The Wars of the Roses characterised the fifteenth and sixteenth centuries, causing violence and confusion in the fifteenth century and then fuelling Tudor paranoia in the sixteenth. The conflict also had a major effect on the reputations of the queens of the period, with some such as Margaret of Anjou sometimes forced to take an active and unpopular course. However the conflict also had another, less foreseeable outcome: by the mid-sixteenth century there were very few people alive who possessed a credible claim to the throne. When Edward VI cast around for someone to succeed him in 1553, all the plausible candidates proved to be female, making it inevitable that England would finally have its first effective queen regnant.

Queenship during the fifteenth and sixteenth centuries was often insecure and the office itself was changeable. It was still based firmly on its Anglo-Saxon and post-conquest foundations but in the turbulent times of the fifteenth century, queens often had to adapt to fulfil a more varied role. By the mid-sixteenth century, England was moving away from the medieval period into the early modern period.
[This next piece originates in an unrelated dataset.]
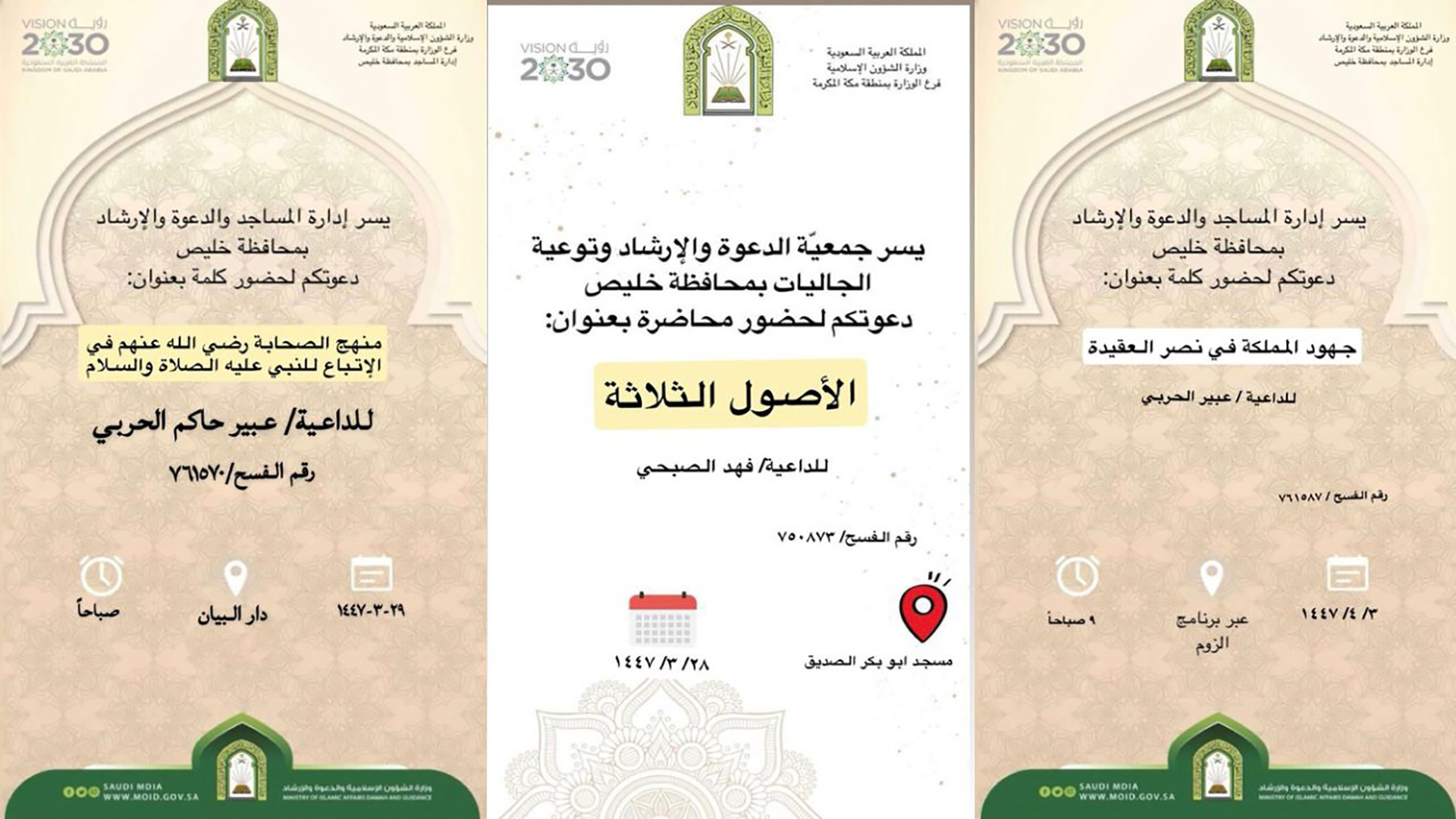 ينفذ فرع وزارة الشؤون الإسلامية والدعوة والإرشاد بمنطقة مكة المكرمة، ممثلاً بإدارة المساجد والدعوة والإرشاد بمحافظة خليص، خلال الفترة من الثامن والعشرين من شهر ربيع الأول وحتى الثاني من شهر ربيع الآخر
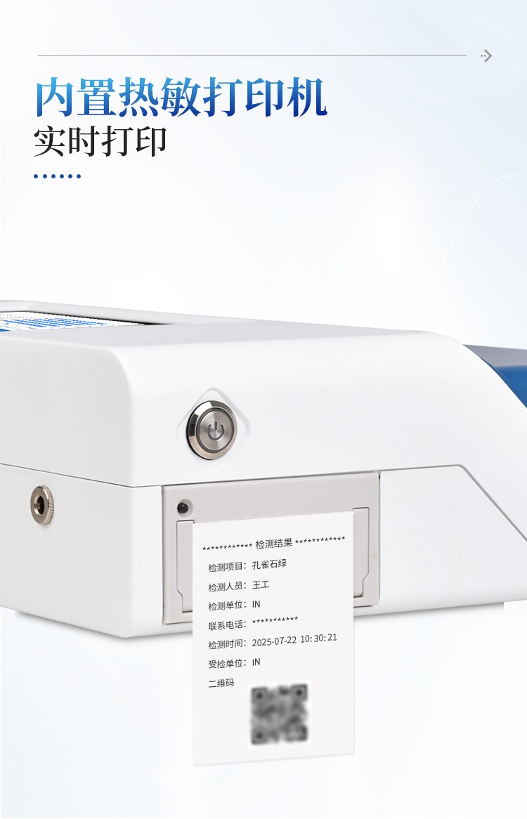 16、检测结果:报告出检测项目、被测物质的结果、检测单位、被检查单位、检验员、检测时间、检测限等信息可在触摸屏上显示,可通过仪器内置打印机输出

However, queens such as Mary Tudor still consciously looked back at the medieval past for a model of queenship, proving that, even in adverse and unprecedented circumstances, English queenship remained a recognisable office with guidelines on how to be a good queen and avoid notoriety. Joan of Navarre, Margaret of Anjou, Elizabeth Woodville, Anne Boleyn, Catherine Howard, Lady Jane Grey and Mary I are all remembered as notorious and they all, at least according to their contemporaries, failed to live up to the ideal of a good queen. As with the earlier queens, however, there was often a motive behind the attacks on the women, usually tied up in the politics of the day. Due to the difficulties of the period in which they lived, all of these women found themselves in dangerous situations and, as their own party diminished in power they were actively attacked, leading to the destruction of their reputations. Once again, in the fifteenth and sixteenth centuries, women proved particularly vulnerable to attack and the mostly English queens of this period proved as vulnerable as any, to their considerable cost.